* WORK ITEM *
Would you please set down the data again exactly as given, excluding the pictures?

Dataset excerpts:
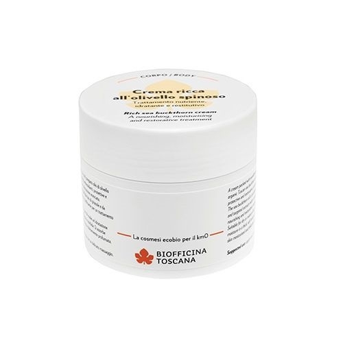 Una crema ricca di emollienti, tra cui il pregiato olio di olivello spinoso toscano bio con notevoli proprietà antiossidanti, protettive e restitutive che le conferisce una colorazione aranciata. L’olivello spinoso è coadiuvato dall’olio bio di girasole e da mirati estratti ad azione lenitiva e tonificante per un trattamento nutriente e restitutivo. Adatto a pelli secche, mature, o per chi vuole un’idratazione profonda ed ama consistenze dense e morbide. Si assorbe facilmente lasciando la pelle idratata e dolcemente profumata.
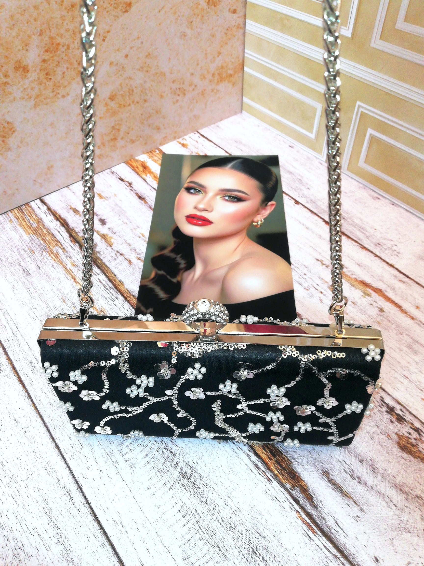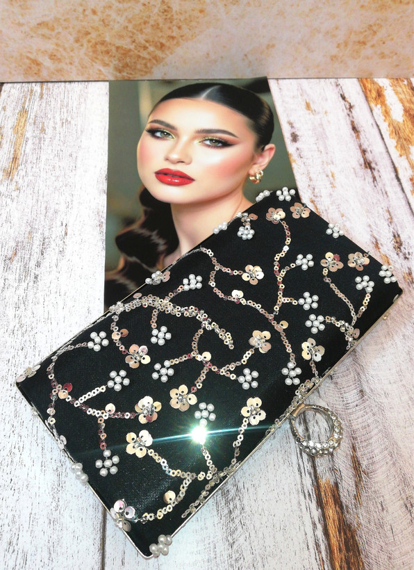 جنس پارچه روی کیف: تور کارشده با پولک و منجوق و مروارید
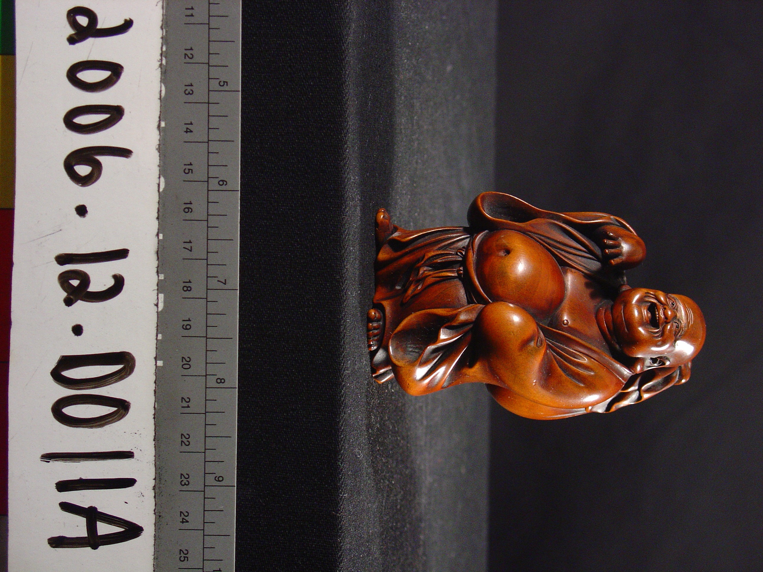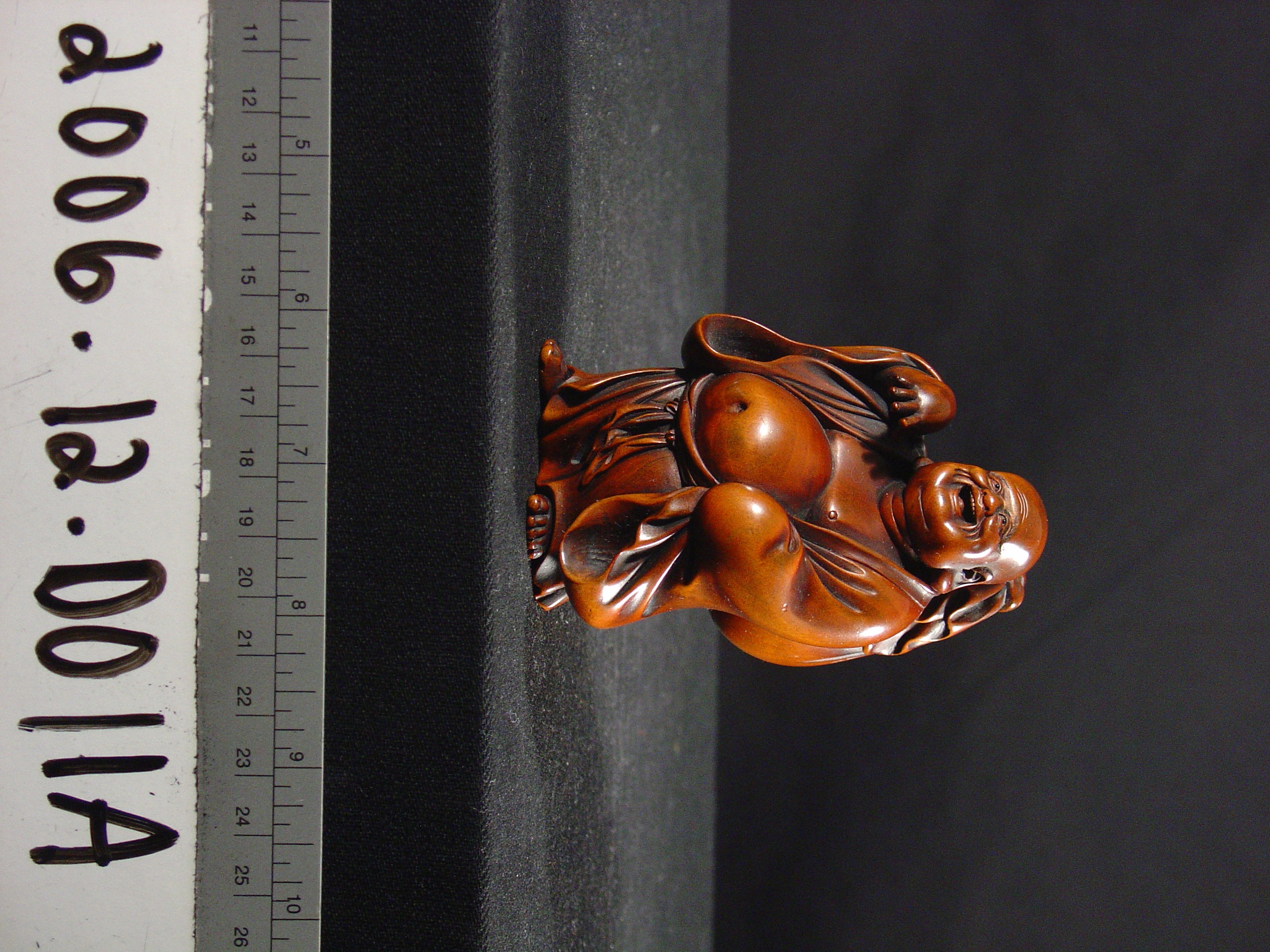 This is a Japanese okimono of Hotei, one of the Shichi Fukujin (Seven Gods of Good Luck). He is often depicted as a deity with a protruding stomach that carries a large sack and a staff. Hotei is also known as "the laughing Buddha" given that he has overcome the cares and anxieties which burden people. In Buddhist belief, he is regarded as a saintly figure with an unconventional approach to traditional Buddhist ideas.
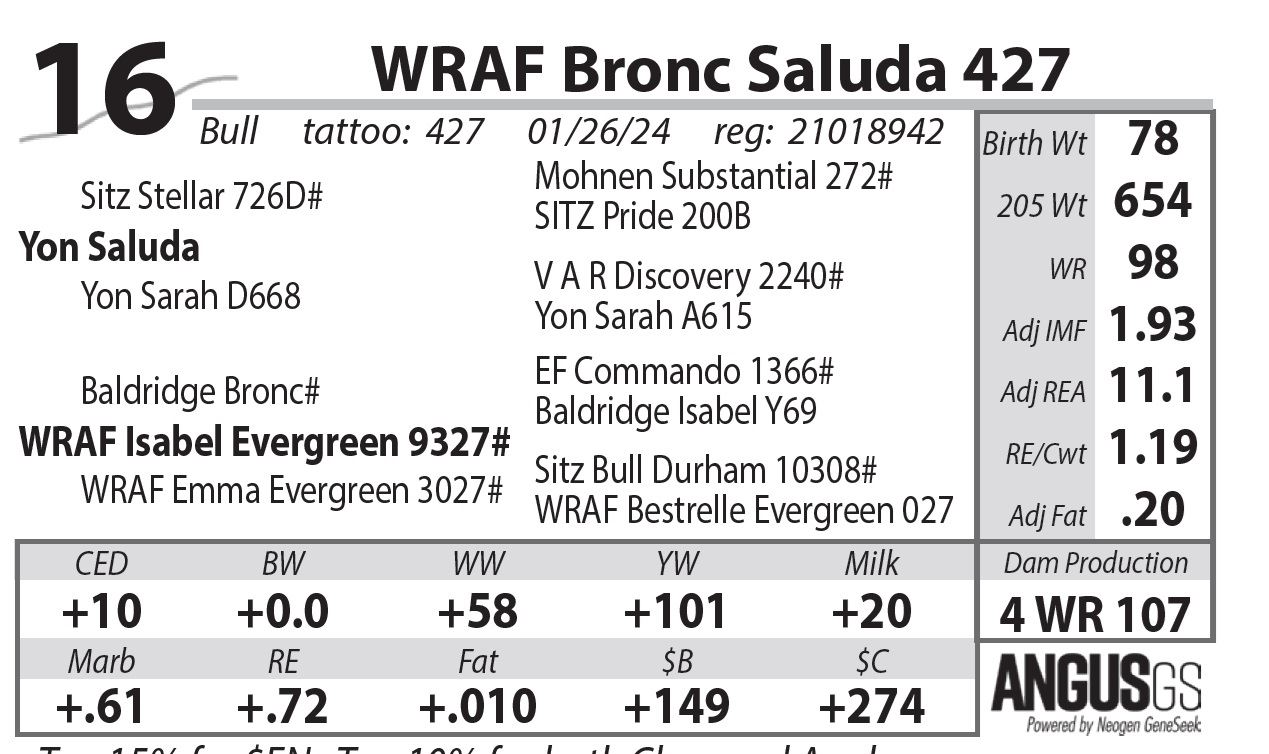 • 8 Pathfinders in pedigree including his dam. Cow tag 927.
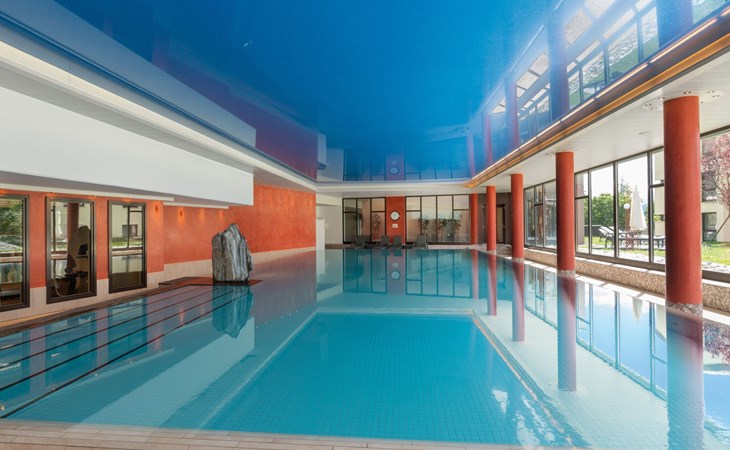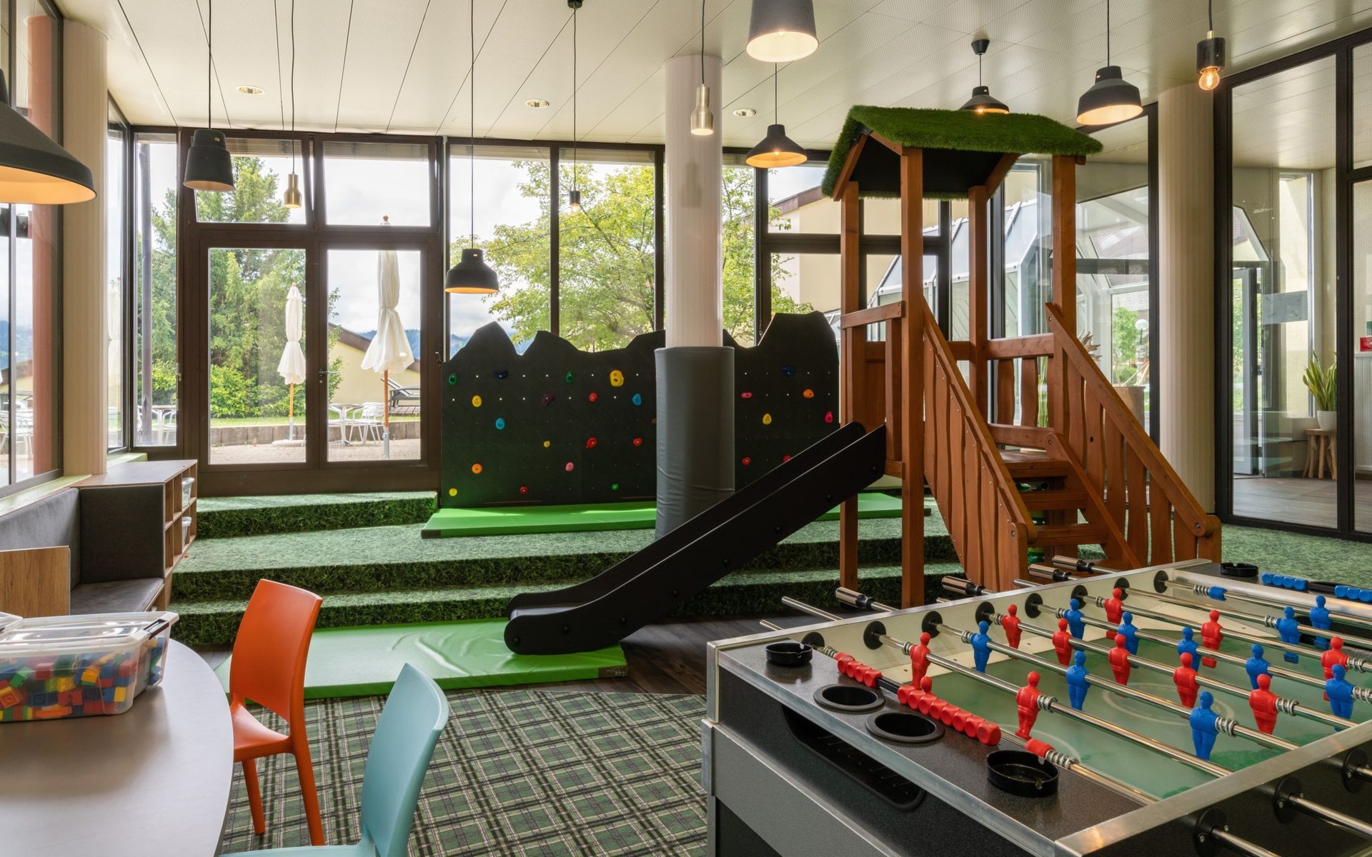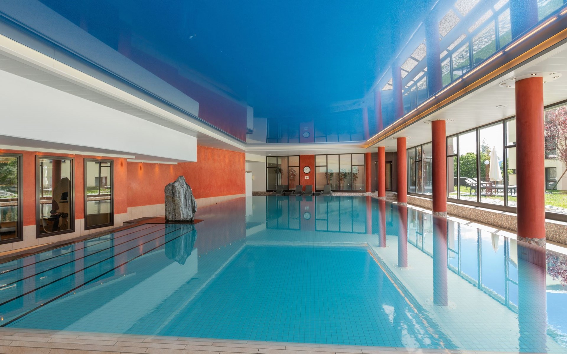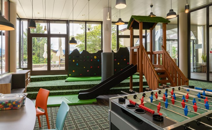 Reception, restaurant, bar, breakfast room, lounge, indoor pool, wellness area (bio sauna, steam bath, Finnish sauna, relaxation room, experience shower, infrared cabin, massage (extra), fitness room, table tennis, billiard table, playroom, elevator, storage room for bicycles, sun terrace, storage room for skis, central heating system, washing machine/dryer (for shared use, extra). Breakfast possible (extra), room service possible (extra). Reserved parking space in underground parking lot. Charging stations for electric vehicles.
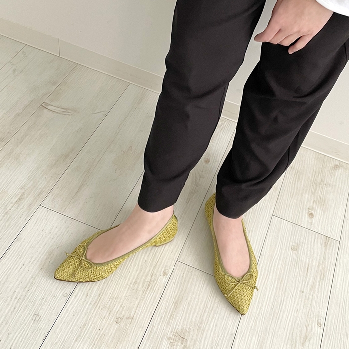 気温が20度を超える日が増えてきたら軽やかに履ける【ファルファーレ】のエコメッシュギャザーバレエが気分です。メッシュならではの通気性と、見た目にもさわやかで、ポインテッドトゥのデザインが大人っぽいおすすめの一足です。
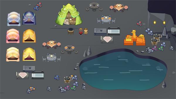 5、千万不要建太多帐篷…建议三个以下,不要升级。后面有木屋直接把帐篷拆了只盖木屋。因为那个建筑物每天早上要清扫,一天时间很短,要看很多次视频,建太多浪费时间收益也不高。我只建了三个木屋,优先升温泉收益高材料简单。
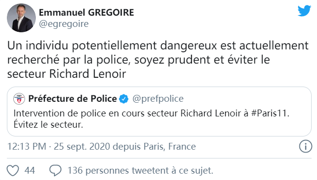 到中午12点半左右,有人在巴士底地区发现了一名身穿血衣的男子,警方立刻实施了抓捕行动,并认为此人有重大作案嫌疑。2小时后,另一个衣服带血的嫌疑人也在Richard-Lenoir大街被捕。
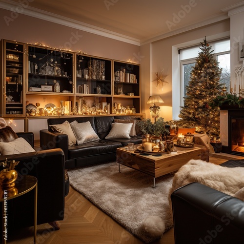 Interior Design of a Modern House during the Christmas Event. Warm and Welcolming House.
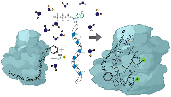 Protein kinase enzymes catalyze the transphosphorylation of OH-containing substrates by converting ATP to adenosine diphosphate (ADP), a process facilitated by a divalent cation (typically Mg2+) in a substitution reaction centered around phosphorus [36]. CTD Pol II is flexible and highly disordered. Most phosphorylation sites in proteins are located in their disordered or dynamic regions. Tyr phosphorylation has emerged as a key theme in cellular regulation, primarily due to the finding that activating a Tyr kinase is the initial event in many signaling pathways. The oncogenes of various retroviruses encode Tyr kinases, which promote unregulated Tyr kinase activities that transform cells [31,37,38]. The effects of Tyr kinases are partly mediated through a substantial quantitative increase in the phosphorylation of aliphatic hydroxy-amino acids such as Ser and Thr [36]. Tyr kinases indirectly activate Ser/Thr kinases through phospholipid-derived second messengers [31]. This may explain why Tyr-phosphorylated proteins remain a small minority.
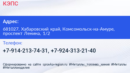 КЭПС по адресу 681027, Хабаровский край, Комсомольск-на-Амуре, проспект Ленина, 1/2 в дальнейшем Организация, размещена в следующих категориях:
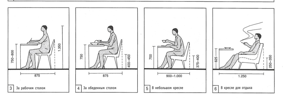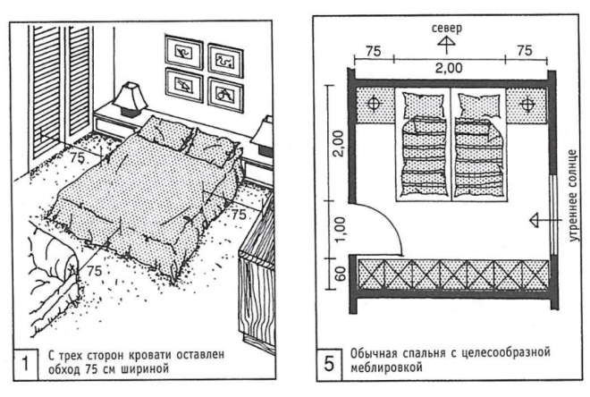 По Нойферту, общие помещения должны быть как можно ближе к входу, а жилые комнаты — выделены в более тихую часть. В квартире желательно иметь дополнительные места для хранения.
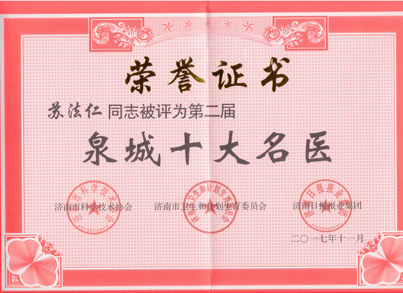 荣获第二届“泉城十大名医”荣誉称号
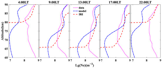 Figure 9 shows the changes in the electron density of the physical model, radar data, and IRI with the altitude at different times. It can be seen that the electron density from the radar data and IRI is about 108 m−3, which is one order of magnitude larger than the physical model at about 107 m−3 at 4:00 LT and 22:00 LT. The electron density detected by radar data over 80 km is close to the electron density calculated by IRI, which is about 5 × 108 m−3, and both of them decrease with the decrease of the height. There are a lack of values below 80 km at night in IRI, but the electron density of the radar data with the value range 108–8.8 × 108 m−3 decreases firstly and then increases with the decrease of the height at 9:00 LT, 13:00 LT, and 17:00 LT below 80 km. The electron density of the radar data increases gradually with the decrease of the altitude at 4:00 LT and 22:00 LT below 80 km. The electron density of the model is 107–108 m−3, which decreases firstly and then increases with the decrease of the height. In the daytime at 9:00 LT, 13:00 LT, and 17:00 LT, the physical model has an extreme value at about 80 km, and the radar data have a similar result at about 80 km at 9:00 LT and 13:00 LT, although not too obvious. The physical model has the minimum electron density for 66 km at 9:00 LT, 65 km at 13:00 LT, and 68 km at 17:00 LT, while the radar has it for 70 km at 9:00 LT, 66 km at 13:00 LT, and 70 km at 17:00 LT. The electron density of IRI decreases with the height, but there are a lack of values below 66 km.
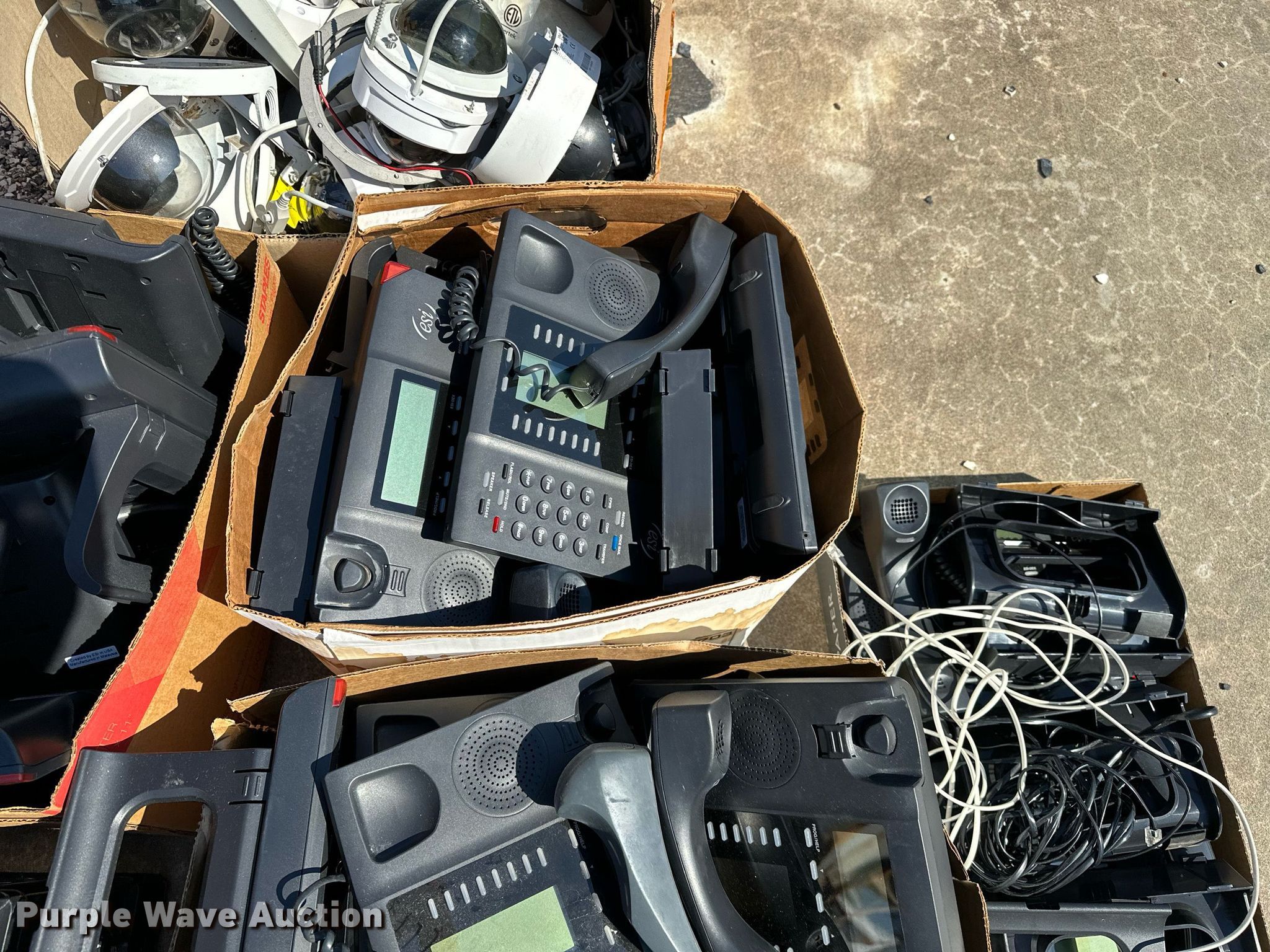 Office equipment. Desk, (2) chairs, (2) boxes of security cameras, Approximately 20 phones, Unknown operating condition of cameras and phones. Lincoln County, OK. 811 Manvel Ave, Suite 5. Chandler, OK 74834

* ANSWER SECTION *
 Una crema ricca di emollienti, tra cui il pregiato olio di olivello spinoso toscano bio con notevoli proprietà antiossidanti, protettive e restitutive che le conferisce una colorazione aranciata. L’olivello spinoso è coadiuvato dall’olio bio di girasole e da mirati estratti ad azione lenitiva e tonificante per un trattamento nutriente e restitutivo. Adatto a pelli secche, mature, o per chi vuole un’idratazione profonda ed ama consistenze dense e morbide. Si assorbe facilmente lasciando la pelle idratata e dolcemente profumata.
 جنس پارچه روی کیف: تور کارشده با پولک و منجوق و مروارید
 This is a Japanese okimono of Hotei, one of the Shichi Fukujin (Seven Gods of Good Luck). He is often depicted as a deity with a protruding stomach that carries a large sack and a staff. Hotei is also known as "the laughing Buddha" given that he has overcome the cares and anxieties which burden people. In Buddhist belief, he is regarded as a saintly figure with an unconventional approach to traditional Buddhist ideas.
 • 8 Pathfinders in pedigree including his dam. Cow tag 927.
 Reception, restaurant, bar, breakfast room, lounge, indoor pool, wellness area (bio sauna, steam bath, Finnish sauna, relaxation room, experience shower, infrared cabin, massage (extra), fitness room, table tennis, billiard table, playroom, elevator, storage room for bicycles, sun terrace, storage room for skis, central heating system, washing machine/dryer (for shared use, extra). Breakfast possible (extra), room service possible (extra). Reserved parking space in underground parking lot. Charging stations for electric vehicles.
 気温が20度を超える日が増えてきたら軽やかに履ける【ファルファーレ】のエコメッシュギャザーバレエが気分です。メッシュならではの通気性と、見た目にもさわやかで、ポインテッドトゥのデザインが大人っぽいおすすめの一足です。
 5、千万不要建太多帐篷…建议三个以下,不要升级。后面有木屋直接把帐篷拆了只盖木屋。因为那个建筑物每天早上要清扫,一天时间很短,要看很多次视频,建太多浪费时间收益也不高。我只建了三个木屋,优先升温泉收益高材料简单。
 到中午12点半左右,有人在巴士底地区发现了一名身穿血衣的男子,警方立刻实施了抓捕行动,并认为此人有重大作案嫌疑。2小时后,另一个衣服带血的嫌疑人也在Richard-Lenoir大街被捕。
 Interior Design of a Modern House during the Christmas Event. Warm and Welcolming House.
 Protein kinase enzymes catalyze the transphosphorylation of OH-containing substrates by converting ATP to adenosine diphosphate (ADP), a process facilitated by a divalent cation (typically Mg2+) in a substitution reaction centered around phosphorus [36]. CTD Pol II is flexible and highly disordered. Most phosphorylation sites in proteins are located in their disordered or dynamic regions. Tyr phosphorylation has emerged as a key theme in cellular regulation, primarily due to the finding that activating a Tyr kinase is the initial event in many signaling pathways. The oncogenes of various retroviruses encode Tyr kinases, which promote unregulated Tyr kinase activities that transform cells [31,37,38]. The effects of Tyr kinases are partly mediated through a substantial quantitative increase in the phosphorylation of aliphatic hydroxy-amino acids such as Ser and Thr [36]. Tyr kinases indirectly activate Ser/Thr kinases through phospholipid-derived second messengers [31]. This may explain why Tyr-phosphorylated proteins remain a small minority.
 КЭПС по адресу 681027, Хабаровский край, Комсомольск-на-Амуре, проспект Ленина, 1/2 в дальнейшем Организация, размещена в следующих категориях:
 По Нойферту, общие помещения должны быть как можно ближе к входу, а жилые комнаты — выделены в более тихую часть. В квартире желательно иметь дополнительные места для хранения.
 荣获第二届“泉城十大名医”荣誉称号
 Figure 9 shows the changes in the electron density of the physical model, radar data, and IRI with the altitude at different times. It can be seen that the electron density from the radar data and IRI is about 108 m−3, which is one order of magnitude larger than the physical model at about 107 m−3 at 4:00 LT and 22:00 LT. The electron density detected by radar data over 80 km is close to the electron density calculated by IRI, which is about 5 × 108 m−3, and both of them decrease with the decrease of the height. There are a lack of values below 80 km at night in IRI, but the electron density of the radar data with the value range 108–8.8 × 108 m−3 decreases firstly and then increases with the decrease of the height at 9:00 LT, 13:00 LT, and 17:00 LT below 80 km. The electron density of the radar data increases gradually with the decrease of the altitude at 4:00 LT and 22:00 LT below 80 km. The electron density of the model is 107–108 m−3, which decreases firstly and then increases with the decrease of the height. In the daytime at 9:00 LT, 13:00 LT, and 17:00 LT, the physical model has an extreme value at about 80 km, and the radar data have a similar result at about 80 km at 9:00 LT and 13:00 LT, although not too obvious. The physical model has the minimum electron density for 66 km at 9:00 LT, 65 km at 13:00 LT, and 68 km at 17:00 LT, while the radar has it for 70 km at 9:00 LT, 66 km at 13:00 LT, and 70 km at 17:00 LT. The electron density of IRI decreases with the height, but there are a lack of values below 66 km.
 Office equipment. Desk, (2) chairs, (2) boxes of security cameras, Approximately 20 phones, Unknown operating condition of cameras and phones. Lincoln County, OK. 811 Manvel Ave, Suite 5. Chandler, OK 74834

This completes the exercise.